[Records from a data collection]
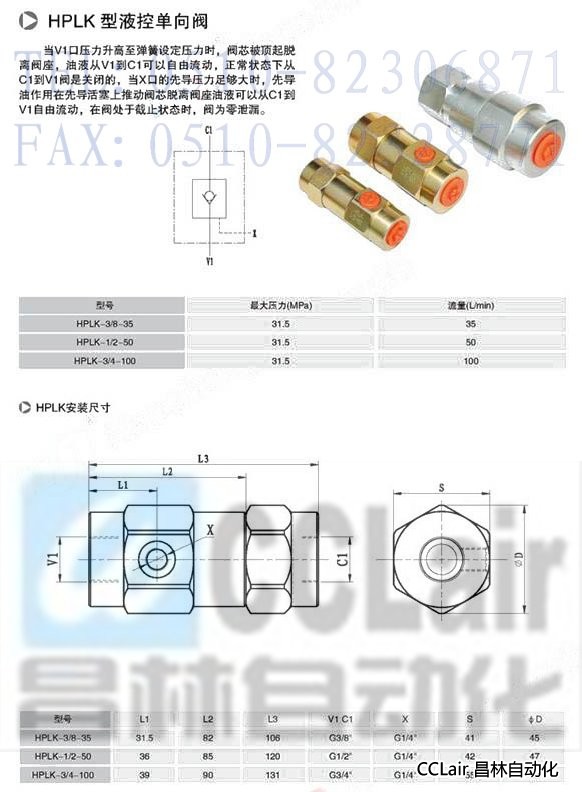 HPLK-3/8-38,HPLK-1/2-50,HPLK-3/4-100,液控單向閥
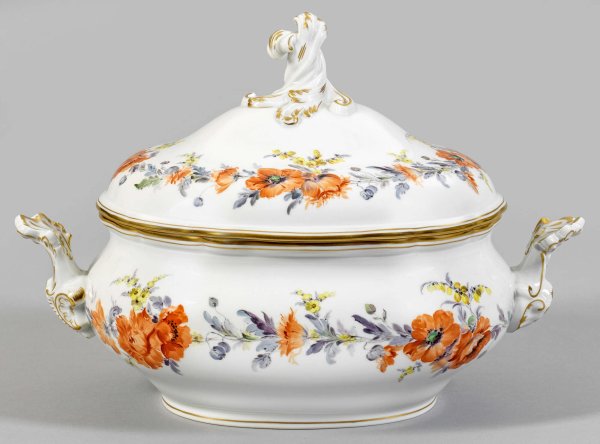 A porcelain tureen with poppies decor painted by B. Patzig. Painter's signature. Crossed swords mark.
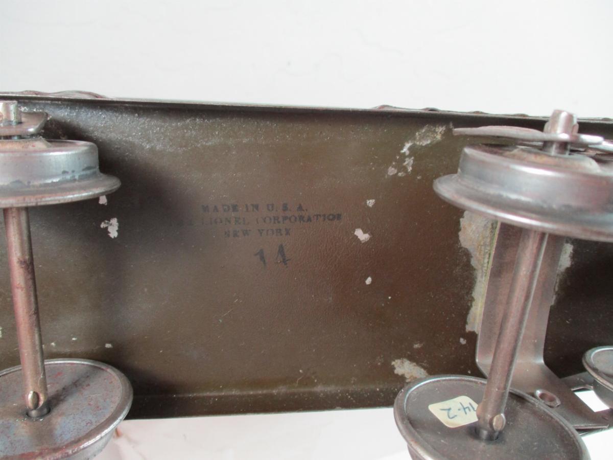 I shared this in an earlier thread, but here it is again for completeness. Dark Green 14 made for Harmony Creamer. It has 14 and Lionel Corp stamped on bottom.
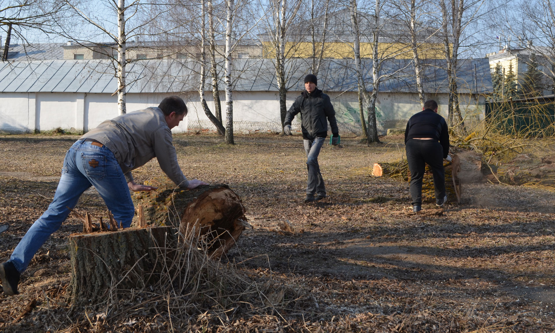 Работники бюджетных организаций п. Локоть работали на территории бывшего дворцового комплекса Великого князя Михаила Романова у фонтана. Здесь женщины убирали прошлогоднюю листву, сгребали её в кучи, а мужчины выпиливали и вырубали лишнюю поросль, сломанные в зимнее время ветви деревьев.
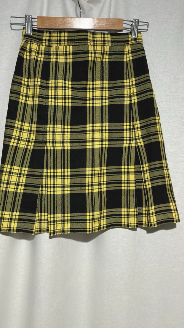 Sarı ve siyah ekose desenli, pileli ve dar kesim etek. Sokak stili için uygundur. Marka temsilidir.
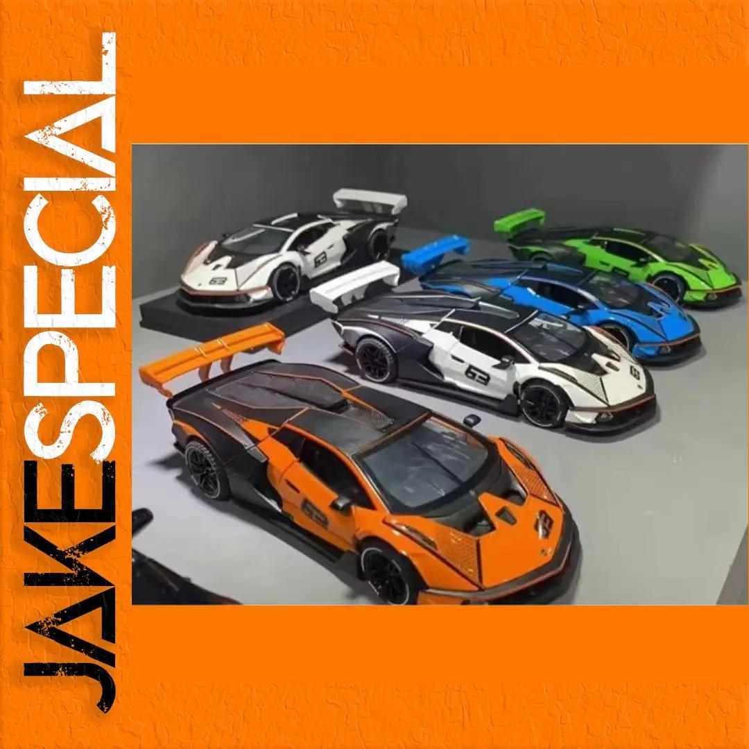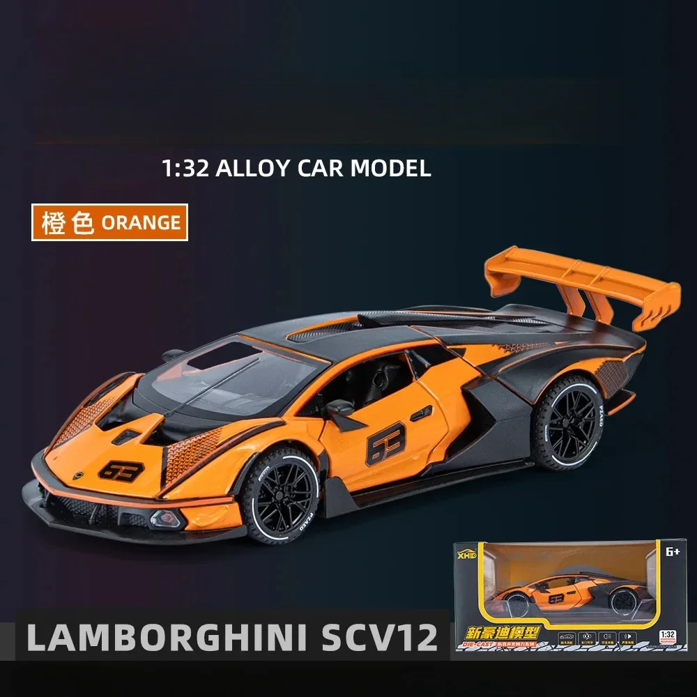 Experience the high-performance allure of the 1:32 scale Lamborghini Essenza SCV12 supercar model. This meticulously crafted diecast model car, featuring a blend of alloy and plastic, showcases five striking color variations: vibrant orange with black accents, sleek white with racing number “63,” bold blue with contrasting details, eye-catching green, and classic black. Each model is designed with intricate details, realistic wheels, and pronounced rear wings, embodying the essence of racing. Exciting sound and light features powered by a button battery enhance its appeal, making it a perfect addition to any collection. Enjoy the thrill of owning this impressive supercar replica.
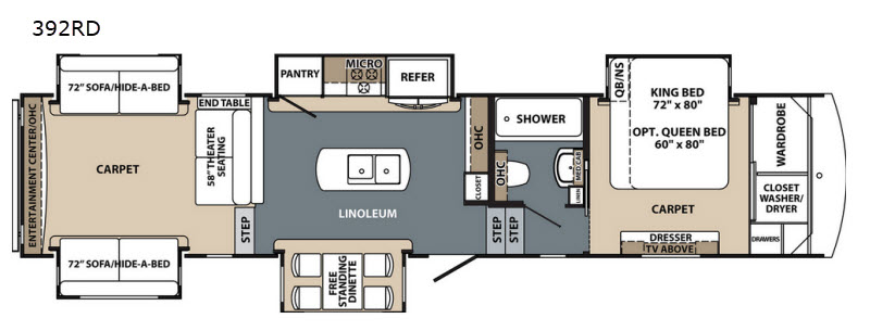 Come see just how fun and easy camping can be with this Cardinal Explorer 392RD in tow! For the kitchen amenities you will find an island with a double sink, and you can store your food at the large pantry. When you want to relax and visit with your family then come do so in this spacious rear living area. Here you will find dual opposing slide outs with two sofas plus theater seating along the interior wall. You can enjoy watching TV at the entertainment center. When you are ready for a great night's sleep, then come retreat to the front bedroom where you will find a king bed. There is plenty of storage in this room with the dresser and the wardrobe. In the evening plan to enjoy your time outside under the 16' electric awning with LED lights.
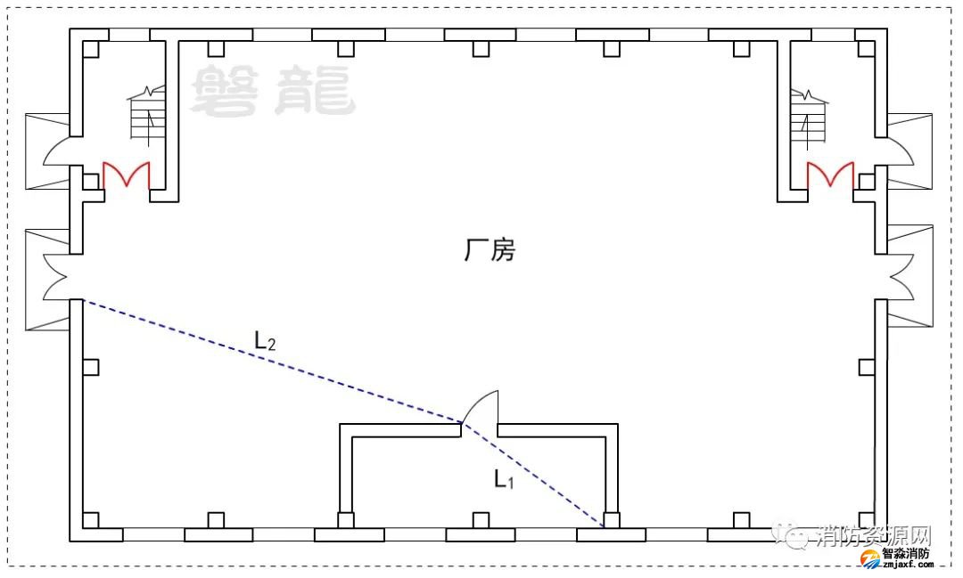 2、廠房倉(cāng)庫(kù)同樣不應(yīng)采用嵌套(穿套)設(shè)置的方式,確因功能需要,嵌套(穿套)設(shè)置的房間不應(yīng)超過一級(jí),疏散距離應(yīng)按人員行走的直線距離計(jì)算,在圖示7的廠房中,示例房間內(nèi)任一點(diǎn)至安全出口的直線距離,應(yīng)為L(zhǎng)1+L2。
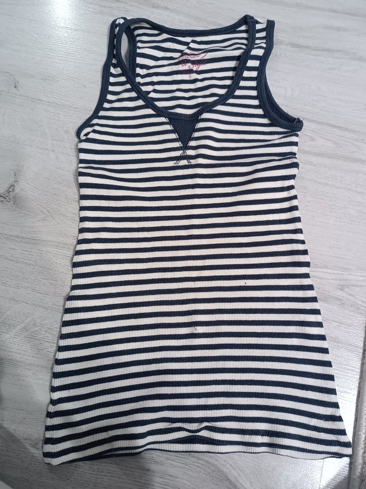Kız çocukları için ince kesim, V yaka ve siyah beyaz yatay çizgili, yumuşak sentetik kumaştan üretilmiş, sokak stili için uygun kolsuz atlet.
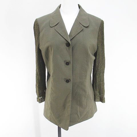 ロザース ROSACE セットアップ ジャケット ロング丈 ワイドパンツ ニット 麻 リネン 9 茶系 ブラウン 日本製 シースルー 透け感 切替 無地
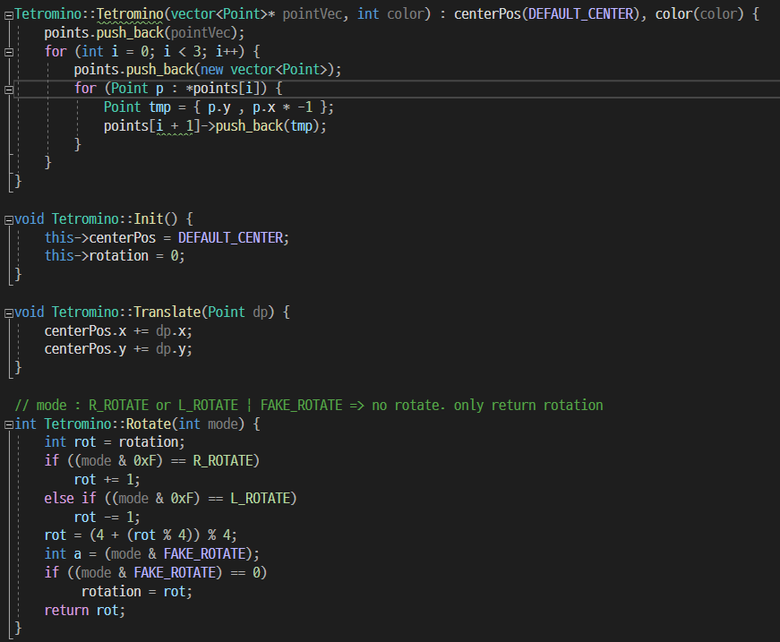 Tetromino 클래스는 각 미노의 좌표들을 가지고 있다. 각 미노의 중심 블록으로부터 상대적인 나머지 블록들의 대한 좌표를 담은 points 벡터를 계속 불러와 화면에 그려줄 수 있게 하였다.
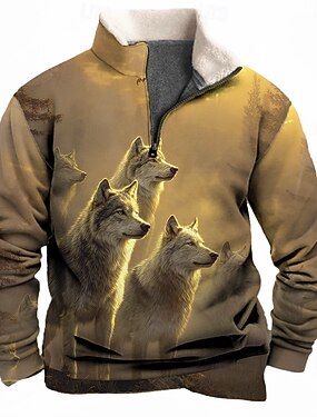 Homens Animal Lobo Tosão Moletom Moda Casual 3D Colarinho Chinês Quarter Zip Ao ar livre Férias Presente Streetwear Vinho Marron Half Zip Outono Inverno Designer S M L XL XXL XXXL
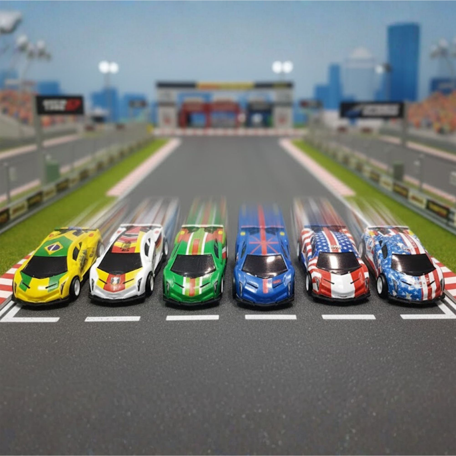 • SET CONTENTS: Complete set of 6 die-cast racing cars featuring attractive multicoloured designs and sporty details.
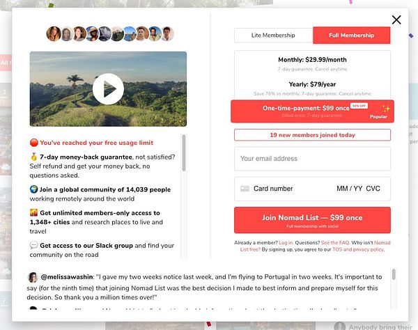 a/b/c/d test "7-days money back guarantee" position top, top third, middle, bottom of benefits on sign up modal
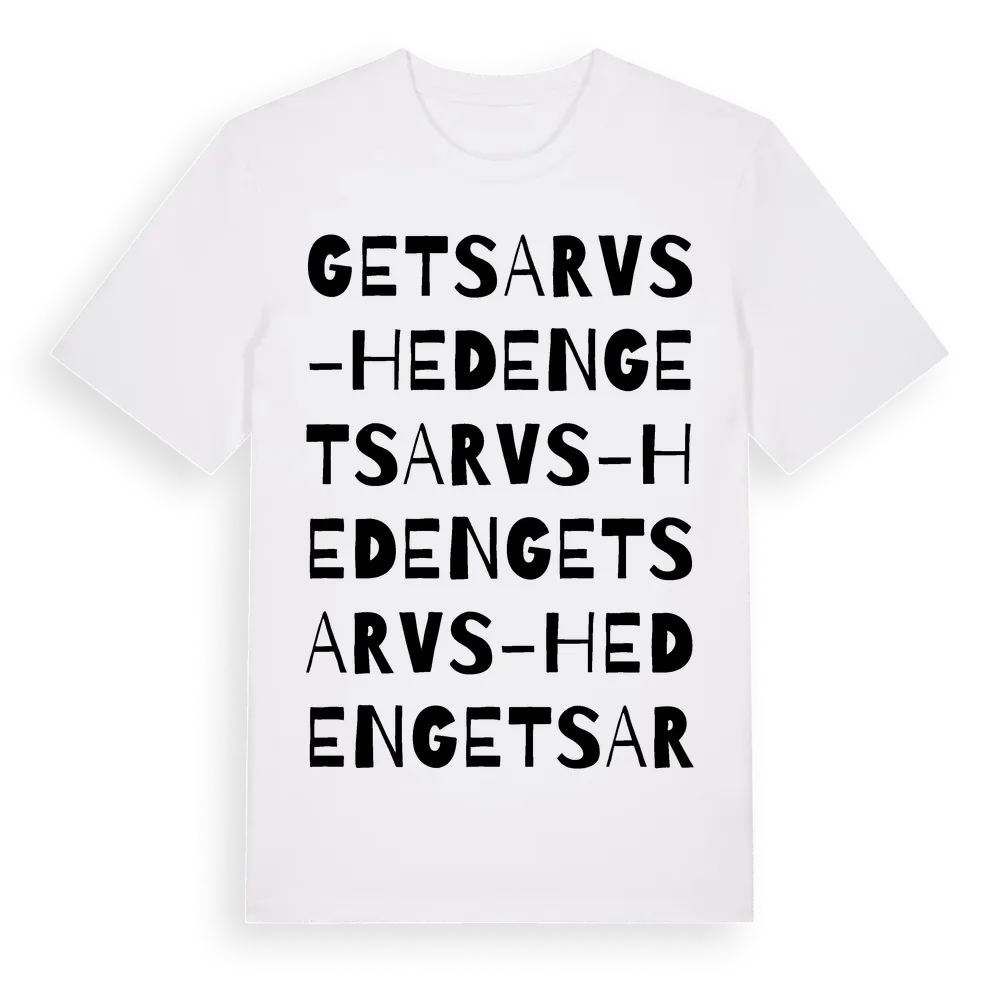 Getsarvs-Heden ordlek t-shirt är inspirerad av Getsarvs-Heden i Dalarnas län, Sverige. Tröjan är designad för dig som har en speciell koppling till platsen – oavsett om du bor här, har rötterna här eller bara älskar Getsarvs-Heden.

* _Brief_
Using the entries above, transcribe exactly from the line that has "I shared this" through the line that has "Kız çocukları için". Pictures are dropped.

* _Finished exercise_
 I shared this in an earlier thread, but here it is again for completeness. Dark Green 14 made for Harmony Creamer. It has 14 and Lionel Corp stamped on bottom.
 Работники бюджетных организаций п. Локоть работали на территории бывшего дворцового комплекса Великого князя Михаила Романова у фонтана. Здесь женщины убирали прошлогоднюю листву, сгребали её в кучи, а мужчины выпиливали и вырубали лишнюю поросль, сломанные в зимнее время ветви деревьев.
 Sarı ve siyah ekose desenli, pileli ve dar kesim etek. Sokak stili için uygundur. Marka temsilidir.
 Experience the high-performance allure of the 1:32 scale Lamborghini Essenza SCV12 supercar model. This meticulously crafted diecast model car, featuring a blend of alloy and plastic, showcases five striking color variations: vibrant orange with black accents, sleek white with racing number “63,” bold blue with contrasting details, eye-catching green, and classic black. Each model is designed with intricate details, realistic wheels, and pronounced rear wings, embodying the essence of racing. Exciting sound and light features powered by a button battery enhance its appeal, making it a perfect addition to any collection. Enjoy the thrill of owning this impressive supercar replica.
 Come see just how fun and easy camping can be with this Cardinal Explorer 392RD in tow! For the kitchen amenities you will find an island with a double sink, and you can store your food at the large pantry. When you want to relax and visit with your family then come do so in this spacious rear living area. Here you will find dual opposing slide outs with two sofas plus theater seating along the interior wall. You can enjoy watching TV at the entertainment center. When you are ready for a great night's sleep, then come retreat to the front bedroom where you will find a king bed. There is plenty of storage in this room with the dresser and the wardrobe. In the evening plan to enjoy your time outside under the 16' electric awning with LED lights.
 2、廠房倉(cāng)庫(kù)同樣不應(yīng)采用嵌套(穿套)設(shè)置的方式,確因功能需要,嵌套(穿套)設(shè)置的房間不應(yīng)超過一級(jí),疏散距離應(yīng)按人員行走的直線距離計(jì)算,在圖示7的廠房中,示例房間內(nèi)任一點(diǎn)至安全出口的直線距離,應(yīng)為L(zhǎng)1+L2。
Kız çocukları için ince kesim, V yaka ve siyah beyaz yatay çizgili, yumuşak sentetik kumaştan üretilmiş, sokak stili için uygun kolsuz atlet.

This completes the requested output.